The point is...my mind just heads towards "infertile thoughts" whenever the subject of family building comes up.
So...
I've decided to answer my question with one simple answer...
IF I have to go through it all again, IF I didn't learn something that I needed to the 1st, 2nd and 3rd time...I'll just have to do what I did before...
I'm going to have to take it one step at a time. One day at a time. And HOPE. I can't think about all the bad things that could happen. I have to remember these experiences and remember that something good came from going through this trail. And something good can come from the next. Trails are there for our good... right? RIGHT?!?!
P.S. We are NOT trying again, yet. So, don't get all excited.
5 comments:
I don't fully understand, but I know the thought must be scary.
I understand Luara. That thought plaugues Rusty and I all the time. He is so worried to try again because he doesn't want to have to see me go through the pain of another miscarriage. I have those same fears and worries. Infertility is a hard road, full of up's and down's. It is one that no matter how long we travel on it it will FOREVER affect our lives, thoughts, and feelings. You can't help, but be worried, but I think you have the right attitude in just trying to HOPE and taking one day at a time. That's all we can do is HOPE and trust that the Lord will do right by us, now matter what that may be. :)

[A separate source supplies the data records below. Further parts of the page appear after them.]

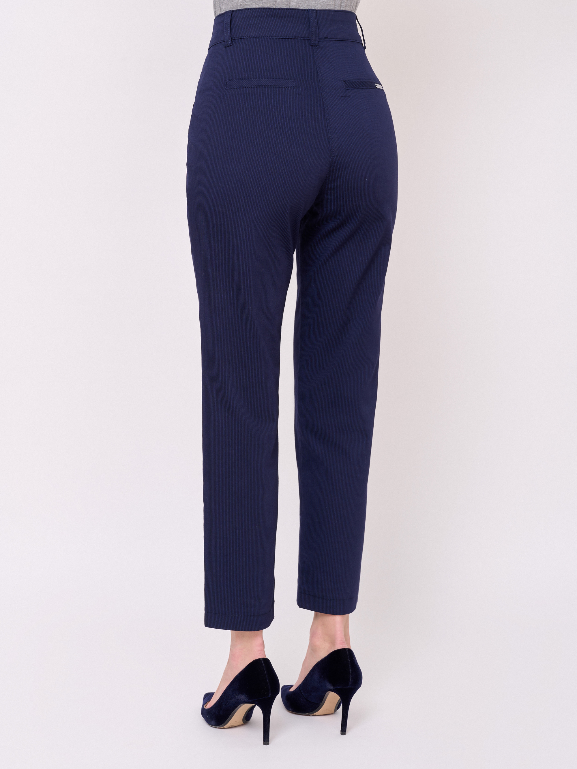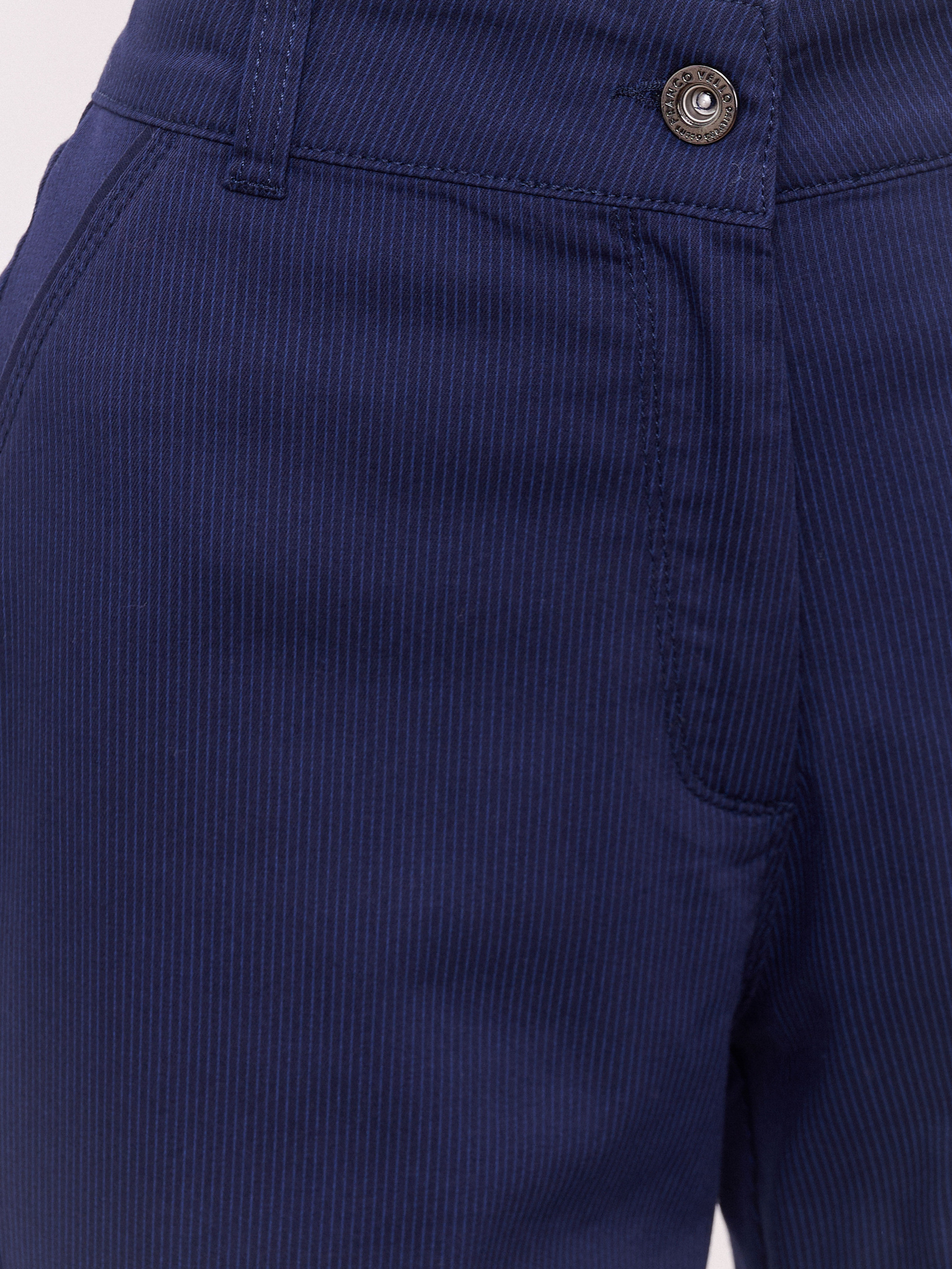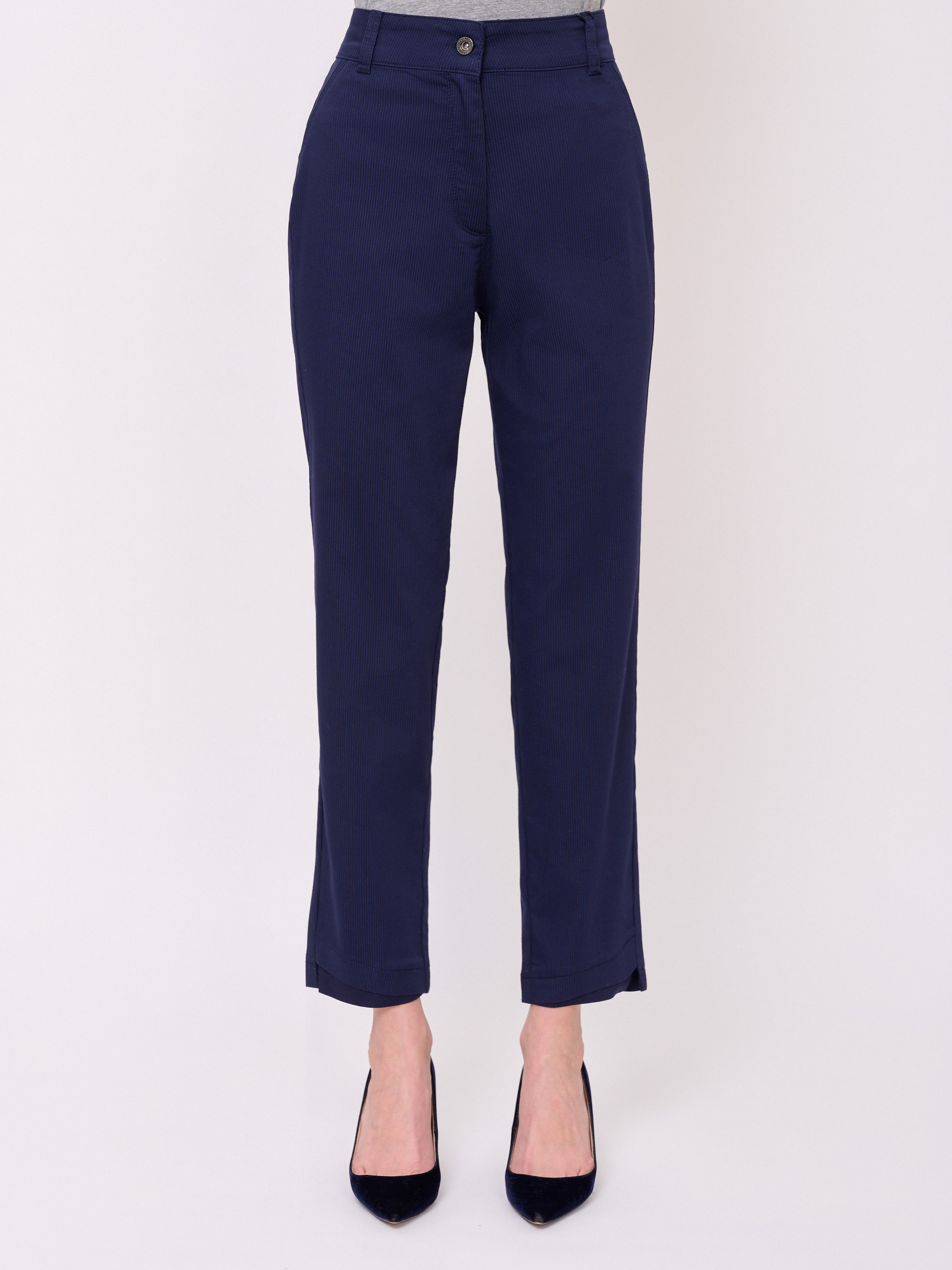 Застежка молния, рисунок полоска, карманы косые, крой брючин прямой, посадка средняя, боковые разрезы. Длина брючин: 70 см.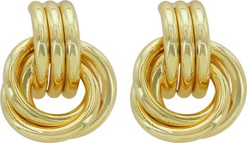 Twisted rings catch the light on these textural doorknocker earrings plated in polished 14-karat yellow gold.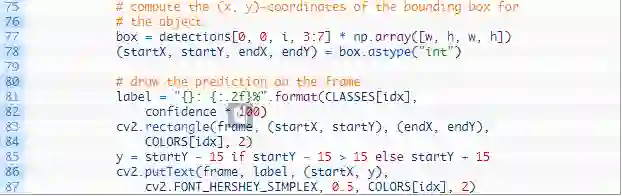 然后,回到 Ezekiel 的第一个问题,我们可以忽略 INGNORE 集合中的类别(#72—73)。如果这个类别是要被忽略的,我们只需返回到顶部的检测循环(不会显示这个类别的标签或边界框)。这符合我们的「quick hack」解决方案。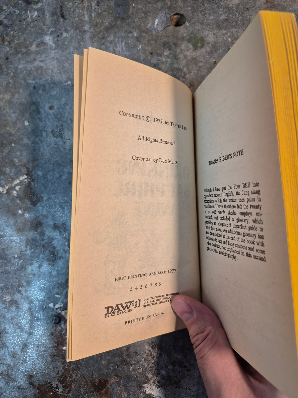 Early 80s novel by Tanith Lee, in great condition with only a few bits of wear around the corners. Page block very clean and bright. Appears unread.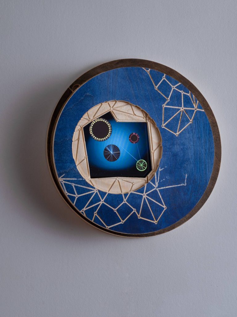These include such works as Allochronic Cycles from the Lois and Cesar Collective, in which we’re presented with a series of moving, clocklike objects made to represent the different timescales of humans, plants, viruses, and the universe. All have rotating faces except for one: Its face is digital, and contains a moving image of each of the others. This represents AI and its potential to unify these timescales under one system, as inspired by Dr. Joanne Chory’s research on timescales through the Arabidopsis plant and its uniquely adaptive internal clock.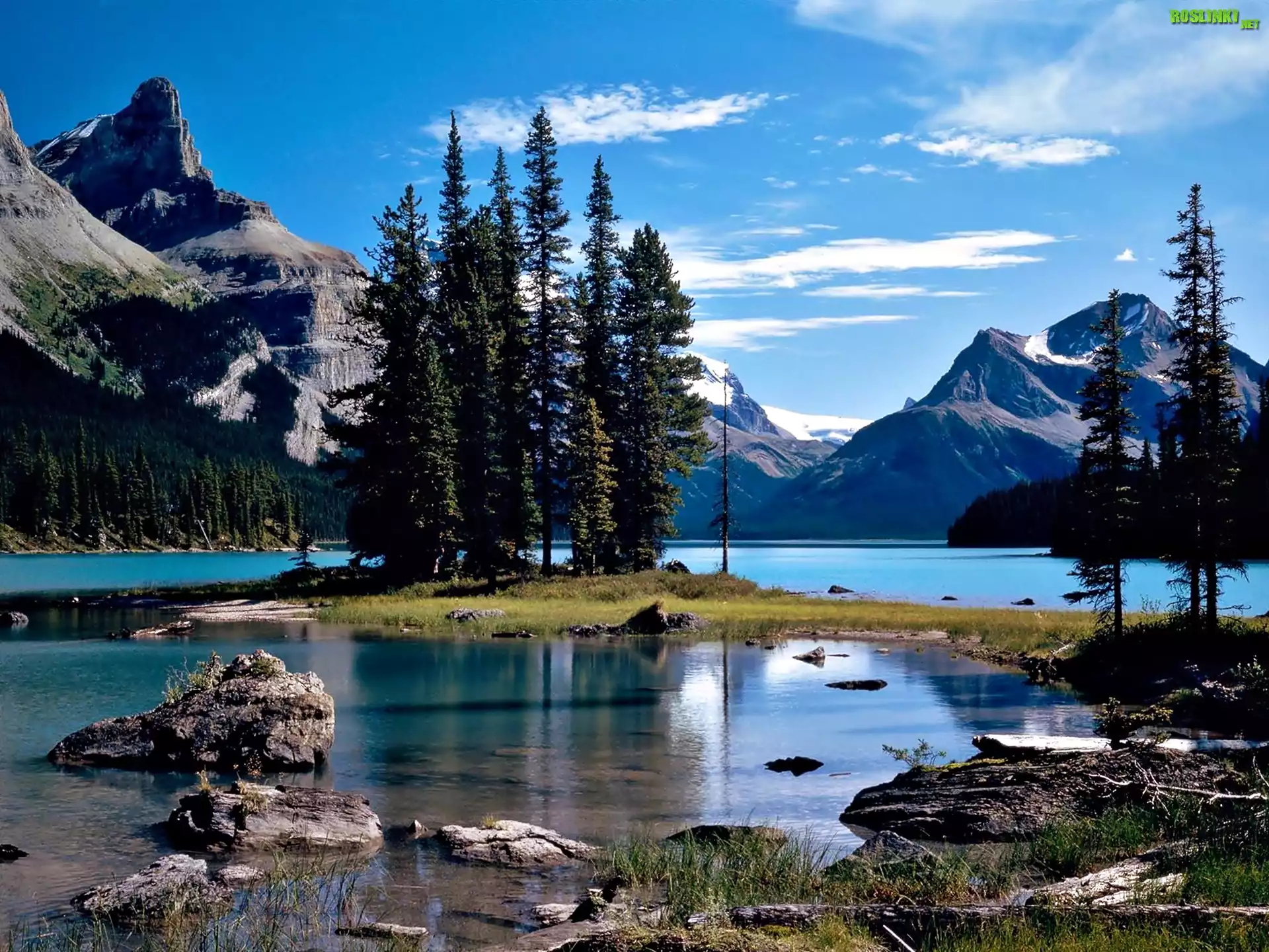 Rośliny: Jezioro, Wysepka, Drzewa, Góry
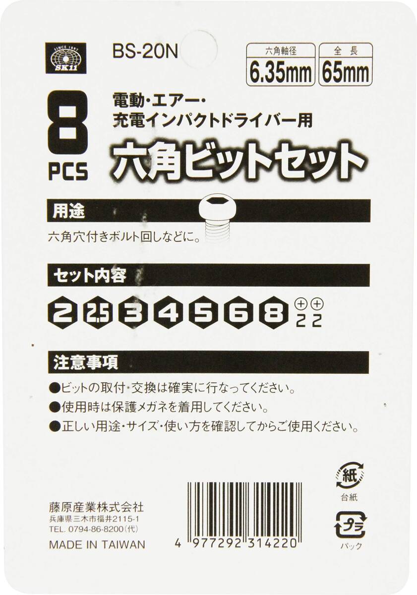 【特価商品】SK11(エスケー11) 六角ビット 8点セット 65mm BS-20N 六角軸 6.35mm 收藏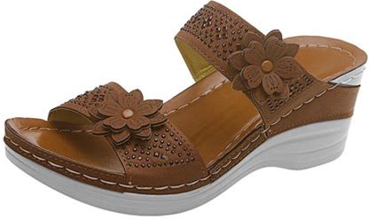 Summer Retro Casual Flowers High-Heeled Flat-Bottomed Ladies Wedge Slippers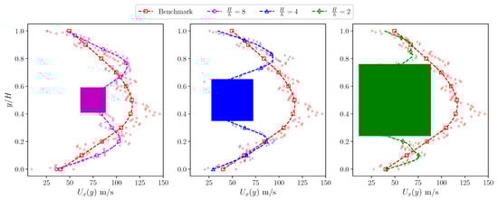 Comparison of the variations in co-axial velocity in the transition regime ( = 0.1) along channel height H at the center of the channel across the chosen blockage ratios of 8, 4 and 2, respectively, with the benchmark case without a particle (represented by the dashed line with squares). In this figure, the square particle is used as an illustrative tool to mask the discontinuities in the region occupied by the particle. The open symbols represent the DSMC data, while the dashed lines represent the weighted least squares fit.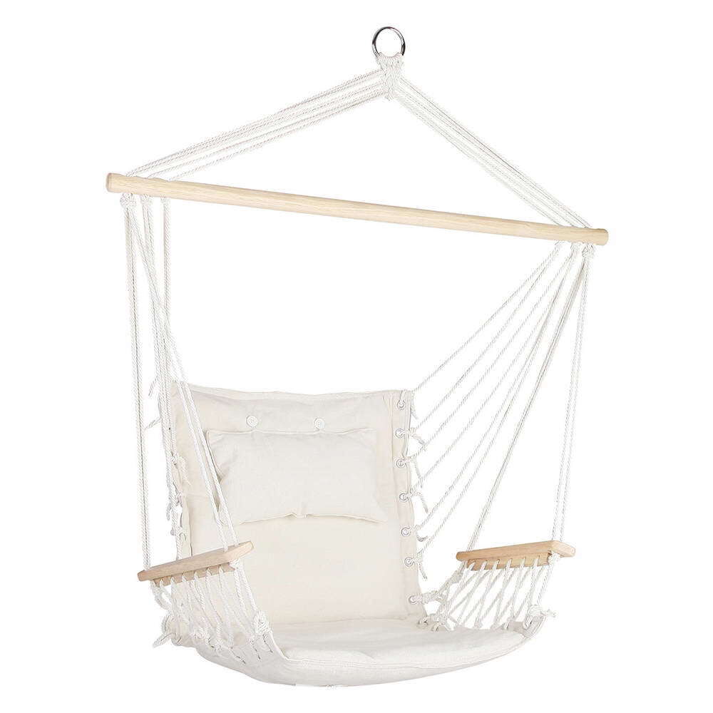 We want it to be a long lasting hammock at your home. Made of solid timber rail with quality polyester cotton, you can hang it at your backyard as a chilling spot for reading books or taking a nap. Its durable strings can hold up to 120kg that would suit almost everyone - anyone can chill any time. Comes with a soft pillow and padded seat, it is a nice comfy spot to chill at with a book or just listening to songs. Designed with armrests that lets you rest on whenever you like. Very simple installation, you can take it with you to a barbecue or on a vacation. It can be attached to trees, ceilings or pergola beams.
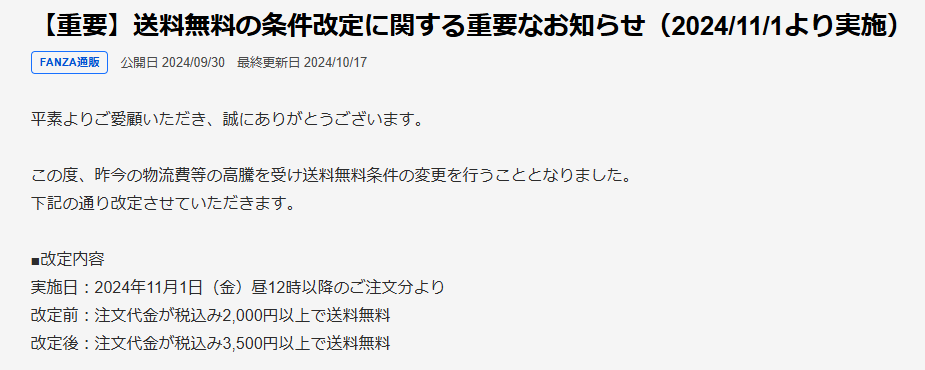 | … | 55無念Nameとしあき25/12/06(土)08:23:09No.1371082543+>FANZAは送料無料になる価格が騰がった |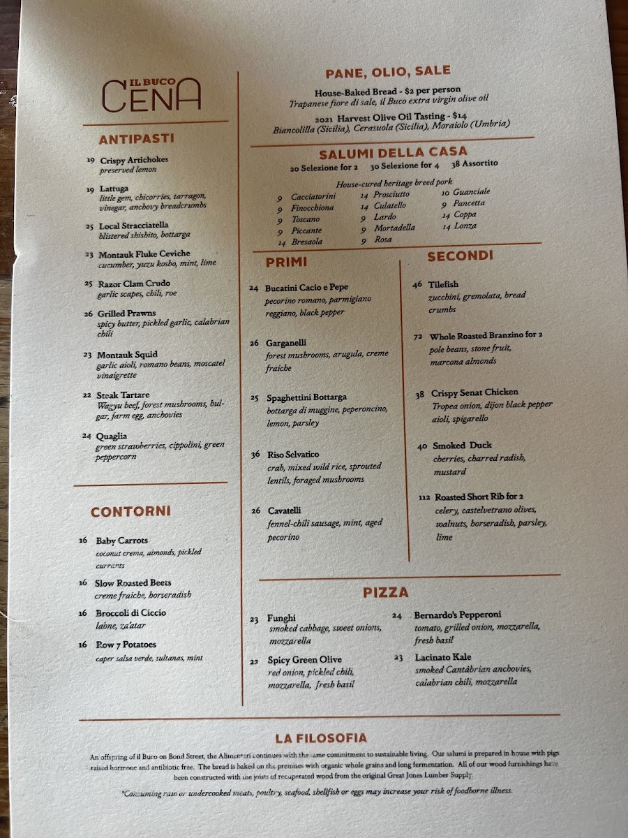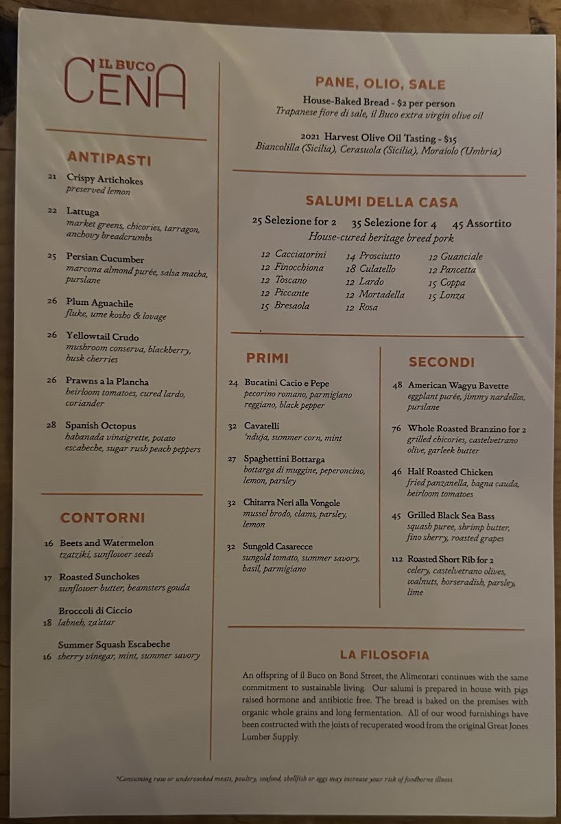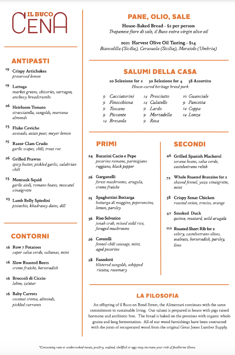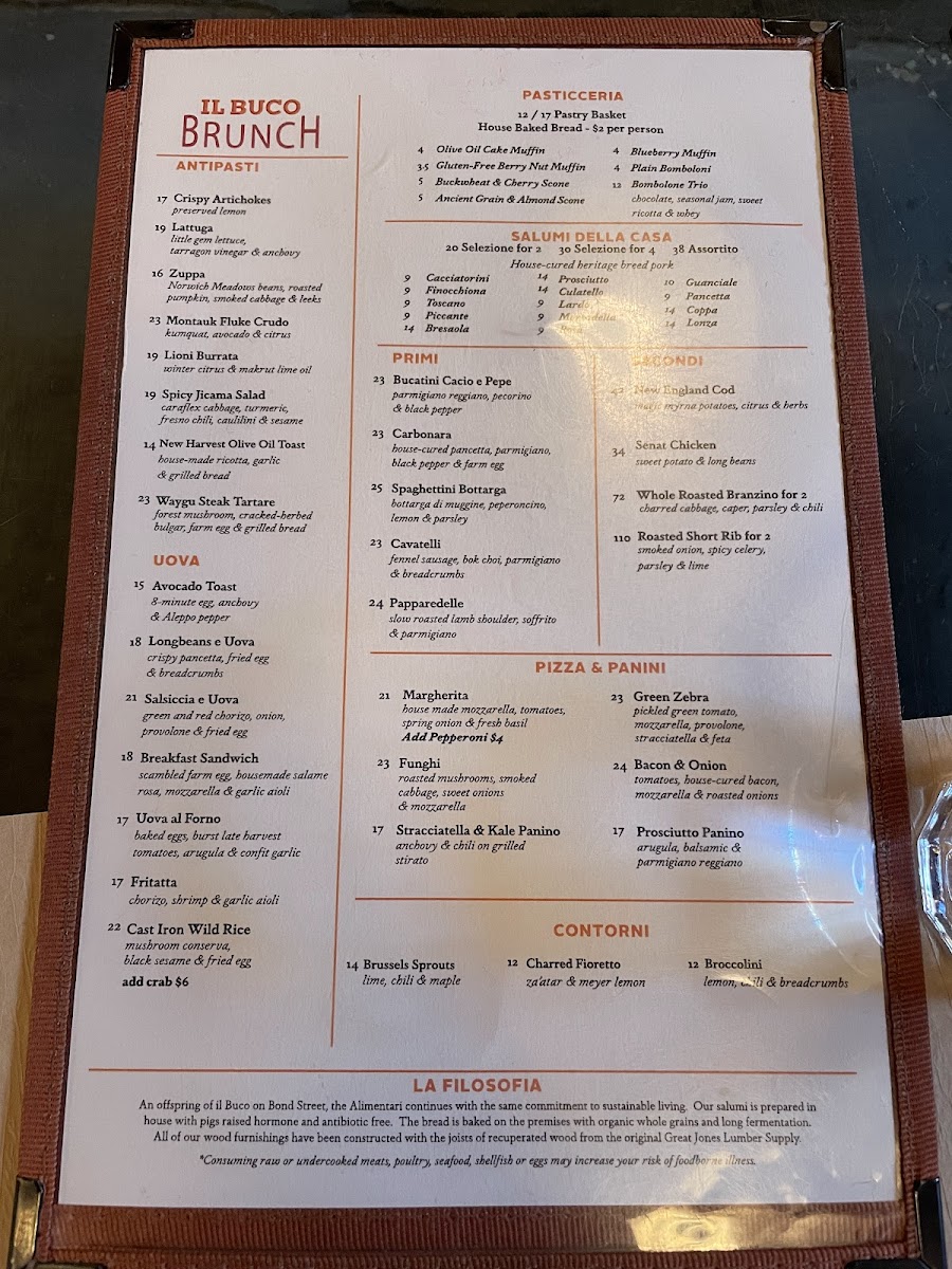 Il Buco Alimentari & Vineria is a vibrant Italian spot in the heart of New York, offering an elegant blend of rustic market charm and refined dining. The menu highlights freshly baked breads like buckwheat and rosemary potato focaccia, crafted daily with authentic ingredients. Breakfast selections such as the housemade sandwich with Nardello sweet pepper spread and sunny-side eggs showcase thoughtful flavor combinations.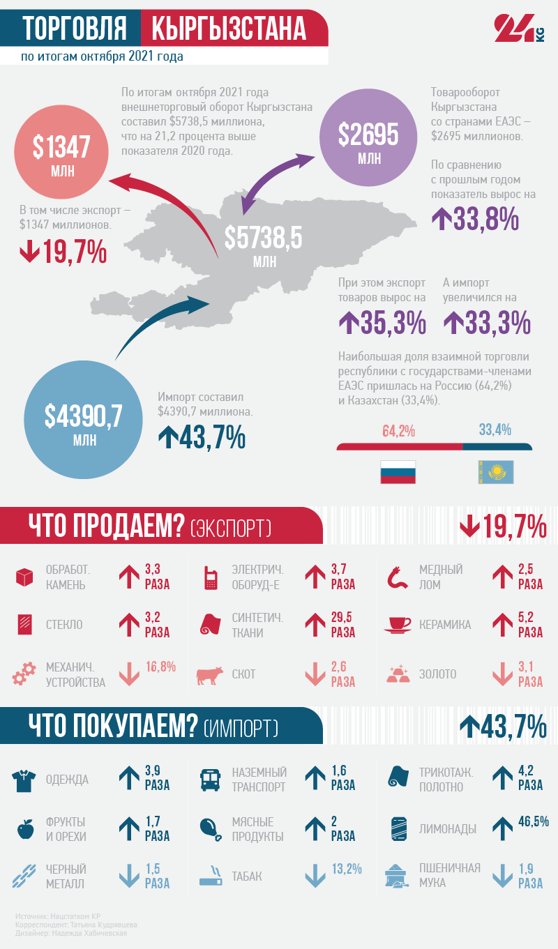 По итогам октября внешнеторговый оборот Кыргызстана составил $5 миллиардов 738,5 миллиона, что на 21,2 процента выше показателя 2020-го. Экспорт — $1 миллиард 347,8 миллиона (падение на 19,7 процента), импорт — $4 миллиарда 390,7 миллиона (рост на 43,7 процента).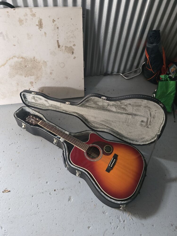storage space contains guitar, Foldout table and other misc items
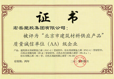 质量是产品的核心价值,诚信是企业的发展动力。凭借过硬的产品质量和良好的企业信誉,继2011年入选首批北京建筑材料供应单位产品质量诚信A级企业之后,2015年4月,今年会获评北京建筑材料供应产品质量诚信AA级企业。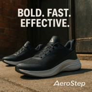 Sleek running sneakers on modern ground with sharp lighting and deep textures showing active lifestyle energy

It was over a year before I was finally pregnant with my first baby and then . . .7 years before two miscarriages and finally after 8 years I have had a second beautiful baby. But yes, I already have thoughts of trying again. The pain never leaves, but the joy of motherhood in whtever form we get to have it, is all worth it. To see what I have learned form two episodes of infertility: http://simplesupermom.blogspot.com/search/label/Infertility
Laura,
You don't know me but I was sent your blog address by Paula. She and I are on a Christmas mailing list together.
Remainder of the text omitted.